_TASK DIRECTIONS_: Give back the data below word for word. Any image in it should be left out.

_RAW DATA_:

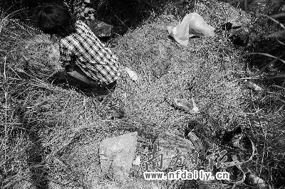 昨日下午,蔣某雨等4人帶記者來(lái)到事發(fā)地點(diǎn)。記者發(fā)現(xiàn),此處距最近的工廠約700多米,馬路上車來(lái)車往,但很少有行人經(jīng)過(guò)。馬路邊坡下的草叢約一米多高,從坡上很難發(fā)現(xiàn)藏在草叢中的人。幾只鞋和一條皮帶散落在草叢中,蔣某雨說(shuō),還有些鞋和褲子被警察拿走了。
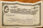 Right: Final Defense Royalty Interests certificate, Texas American Syndicate, dated August 26, 1927,
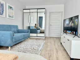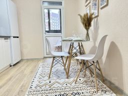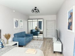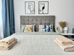 Чистая квартира с новым ремонтом и современной бытовой техникой, этаж 17 из 17, лоджия с панорамным видом. Банные полотенца на каждое спальное место. Утюг и гладильная доска, сушилка, набор всей посуды и столовых приборов на 4 -персоны. Телевизор Smart TV + интернет ТВ, YouTube и тд. (бесплатно), холодильник, СВЧ, варочная панель, электрический чайник, интернет Wi-Fi (бесплатно). Ванная / стиральная машинка автомат

_TASK ANSWER_:
 昨日下午,蔣某雨等4人帶記者來(lái)到事發(fā)地點(diǎn)。記者發(fā)現(xiàn),此處距最近的工廠約700多米,馬路上車來(lái)車往,但很少有行人經(jīng)過(guò)。馬路邊坡下的草叢約一米多高,從坡上很難發(fā)現(xiàn)藏在草叢中的人。幾只鞋和一條皮帶散落在草叢中,蔣某雨說(shuō),還有些鞋和褲子被警察拿走了。
 Right: Final Defense Royalty Interests certificate, Texas American Syndicate, dated August 26, 1927,
 Чистая квартира с новым ремонтом и современной бытовой техникой, этаж 17 из 17, лоджия с панорамным видом. Банные полотенца на каждое спальное место. Утюг и гладильная доска, сушилка, набор всей посуды и столовых приборов на 4 -персоны. Телевизор Smart TV + интернет ТВ, YouTube и тд. (бесплатно), холодильник, СВЧ, варочная панель, электрический чайник, интернет Wi-Fi (бесплатно). Ванная / стиральная машинка автомат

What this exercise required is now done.